With an unknown experience waiting at the other end of that worn path each time.
When I arrived here in New York four years ago I was in a place of deep grief, self-recrimination and self-destruction.
I had practiced yoga before moving here for several years. I went once a week no matter what was going on in my life and I rarely missed a class. Even when it was a half an hour drive to get there I still went. I really can’t say that I loved it or that I didn’t love it at the time. I can’t even say what it was that kept bringing me back each week but something did.
When I moved to New York that four-years-ago October I can’t say I particularly missed that weekly class (aside from missing my teacher) though I did notice its absence.
A few months passed and I could feel myself continue to destruct. I kept feeling something build inside me and repeat “you need yoga” over and over again. It grew in intensity until one night I finally listened. I sat down on my couch, resolved to find a studio, and searched on Google maps for a one nearby. The only studio that appeared was a place called Shambhala Yoga & Dance (though I’ve since learned there are several studios much closer to where I live). My decision was made. That’s where I would go.
It was January. Brutally cold. Snowing.
I felt ripped apart throughout my entire being. My internal state seemingly reflected by the weather. It took all my effort to drag myself, hunched over, legs heavy to the studio feeling miserable, freezing, broken, fearful and alone.
I arrived at the front door, took a deep breath then held it and wiped the tears from my eyes. I walked in and the small space was hot, already packed with people, and barely a breath of space in between each mat. The scene felt overwhelming and I felt stuck in place.
I looked around and my heart fell even further as I realized that the only place left to put my mat was in the disgusting, dirty, grey, boot sludge the others had dragged in off the street and left at the back of the room as they took off their boots. I already felt like I was lower than the boot sludge and I did not want to put my mat down in it. Instantly depressed, I nearly burst into tears.
As I turned to no longer have to face the sludge, trying not to cry and contemplating if I should leave, the teacher caught my eye and brightly shone saying, “welcome!” with open arms and a big smile. “What’s your name?”
I nearly burst into tears again, but this time of gratitude and relief.
It was enough for me to decide I would give in to the boot sludge. I wanted to be there. I wanted to stay. I knew I needed to stay.
The teacher followed up by asking the class, “is anyone new to vinyasa?”
I put up my hand desperately, having no clue what she was talking about.
“Can anyone switch places with Heather since she’s new so that she’s facing the same way as the rest of us?” (The boot sludge space was perpendicular to the rest of the mats). Some wonderful person volunteered seconds before I had put my mat down and I was rescued from the depths of the boot sludge.

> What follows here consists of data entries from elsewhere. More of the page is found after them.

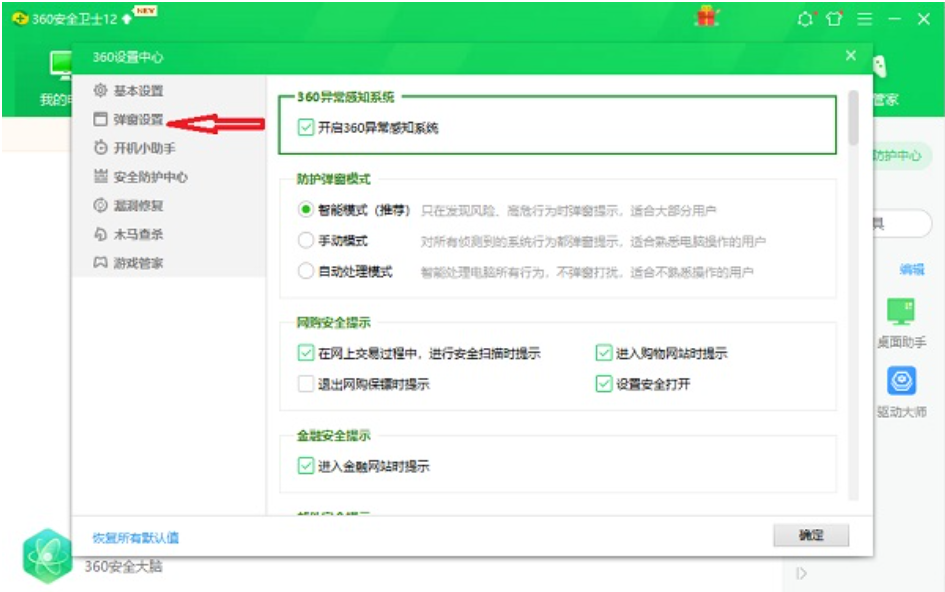 2、在左侧列表选择弹窗设置。
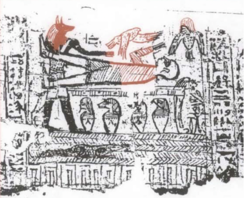 The head of the priest in the Hedlock restoration appears to merely copy the head of the reclining figure. An examination of the papyrus, however, shows evidence that the head was originally that of Anubis. In this case, the Larson restoration appears to be correct. Theologically, it would not matter to scenes such as this one. Ancient art depicting religious situations such as this frequently featured other people impersonating gods. Thus, even if this is an incorrect restoration, it would not matter to the overall message of the scene portrayed.
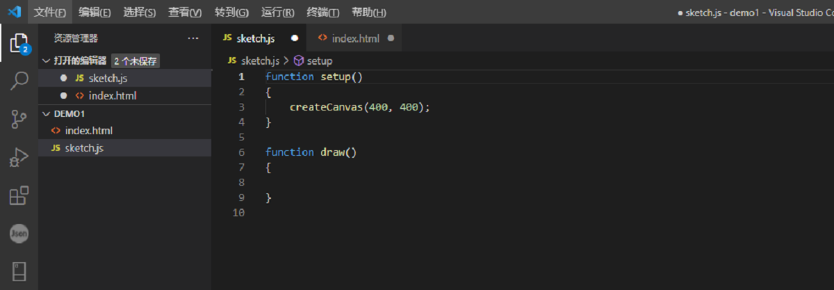 sketch.js - sketch.js:图像绘制文件,有两个必要方法,setup设置绘制图形区域,draw绘制图形
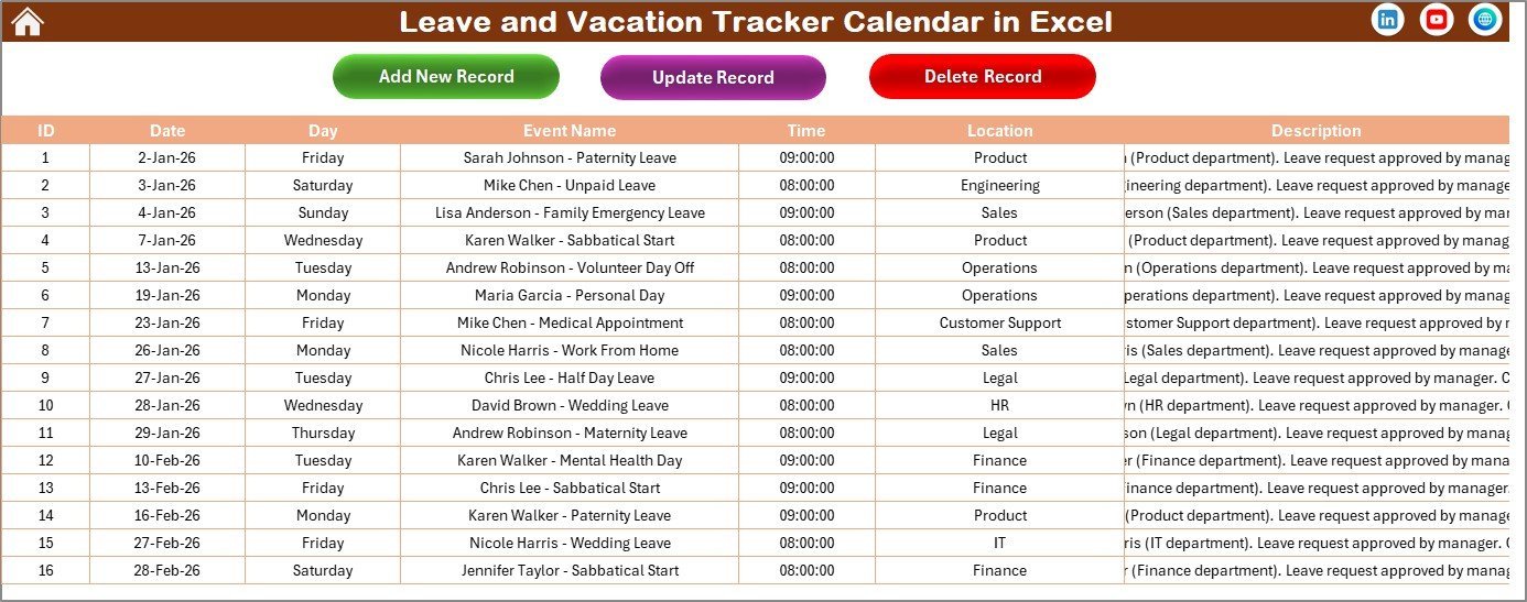 Each sheet is designed to make leave and vacation tracking intuitive, visually appealing, and highly customizable to fit your unique requirements.
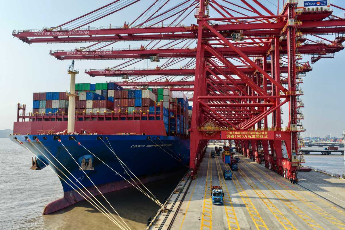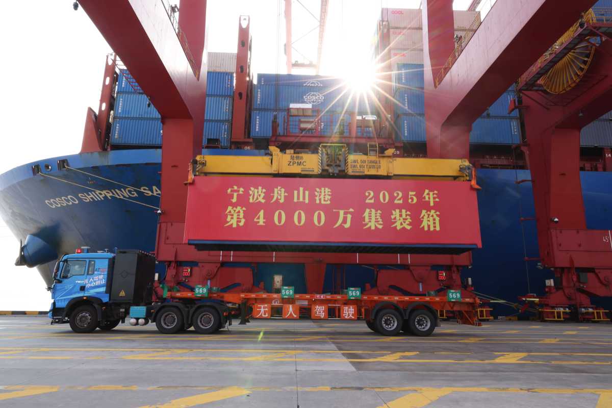 2025年12月2日,历史定格在这一刻,宁波舟山港年集装箱吞吐量突破4000万标箱,继上海港、新加坡港之后,跻身“4000万俱乐部”。
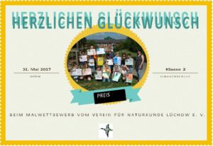 Die Freude war groß, als der Brief vom Naturkundeverein geöffnet wurde: Beim Malwettbewerb hat die 2. Klasse der Elbauenschule Gartow unter Leitung von Frau Elke Pengel den 1. Platz belegt und ein Navigationsgerät gewonnen!
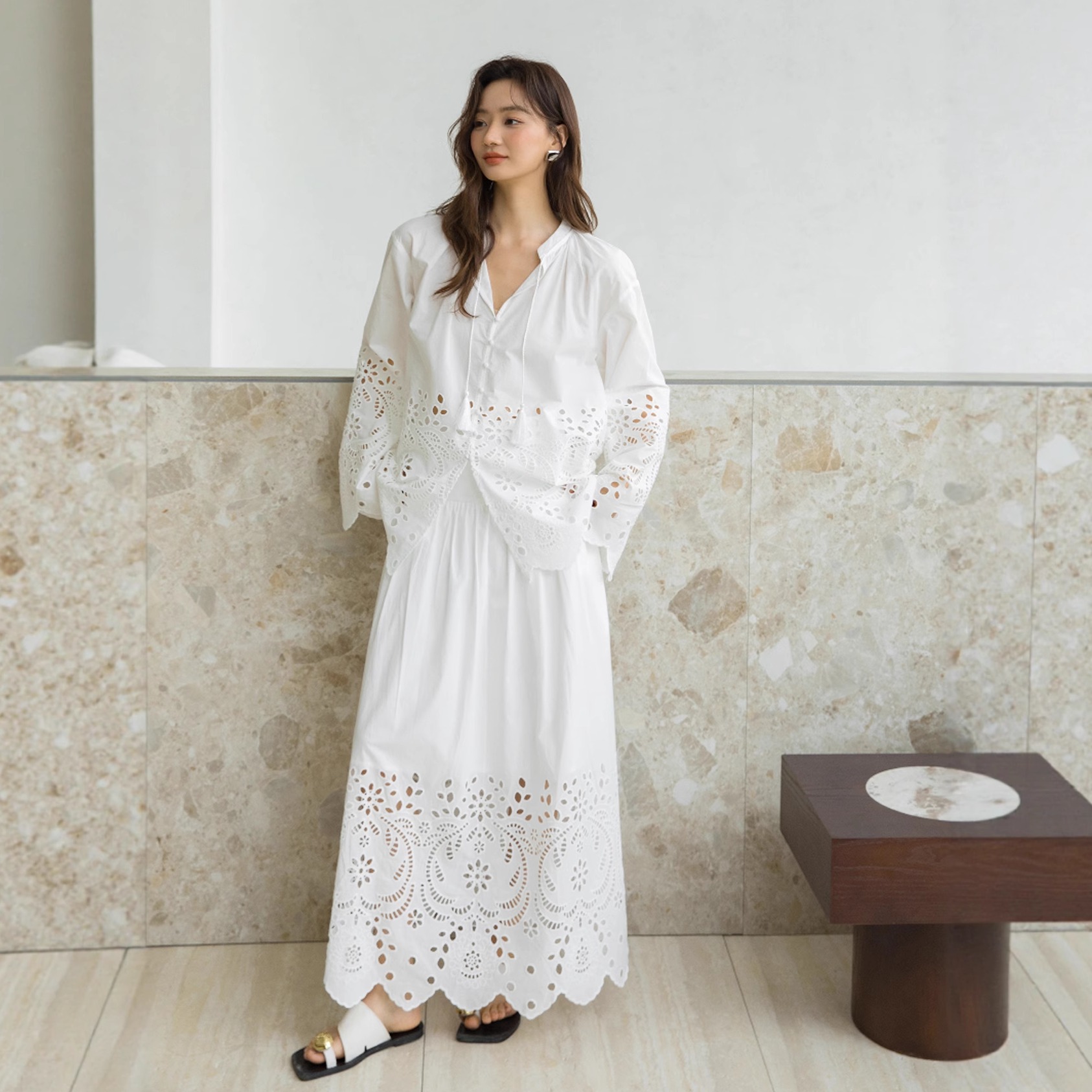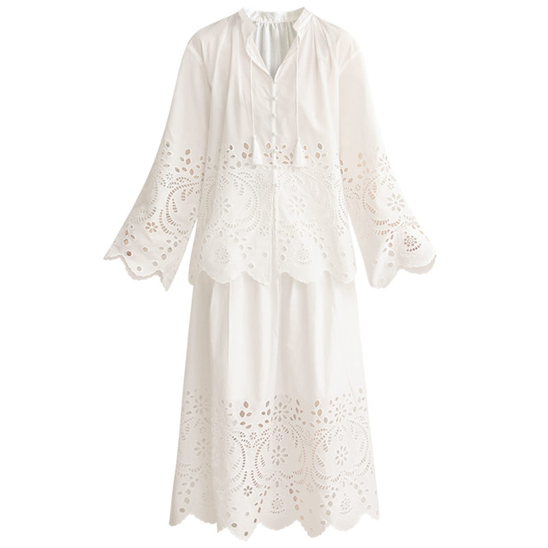 白色系流苏镂空绣花上衣100%棉度假风长袖 宽松衬衣大摆半裙8643
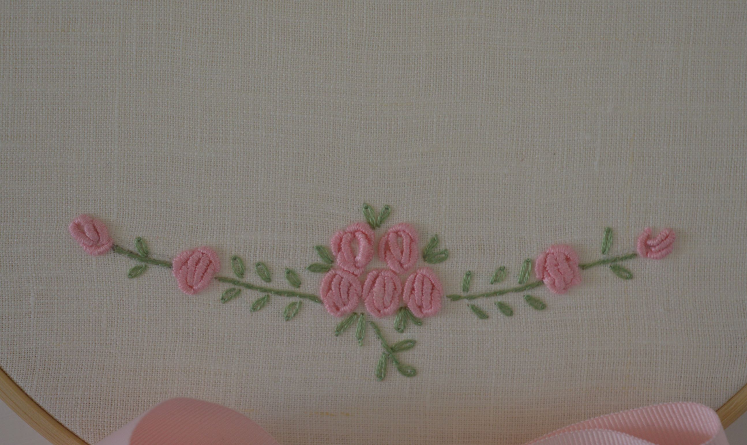 FIOCCO NASCITA CON TELAIO RICAMATO A MANO DI EMY RICAMI COL ROSA ART TELAIO

In those few moments of kindness and caring, healing began.
And I kept coming back. Walking that same path over and over again to the studio. And then to it’s new home down the street and now its second location. Returning over and over as a student, as a trainee, as a teacher, to give and receive healing, to offer, to hold the space for others and to be held, to participate in ceremonies, circles, community.
And I continue to return in each of these roles – never knowing what experience will unfold, or whom I will meet, never knowing what emotions will emerge, or what depths will be traversed, but always grateful for each and every one (even when I feel like boot sludge). Grateful that without knowing what awaited me that first cold night, I still took the steps to find it.
Everything has changed in those four years that feel like four minutes. The change feels both gradual and instant. Through the practice of yoga, I’ve come to realize that it is all part of a long process of healing, learning, unfolding, living. Living each day without knowing the ending. Without knowing what’s next, but continuing to walk this path through life over and over again trusting in whatever experiences await and listening to what I need to be with and in each one that comes.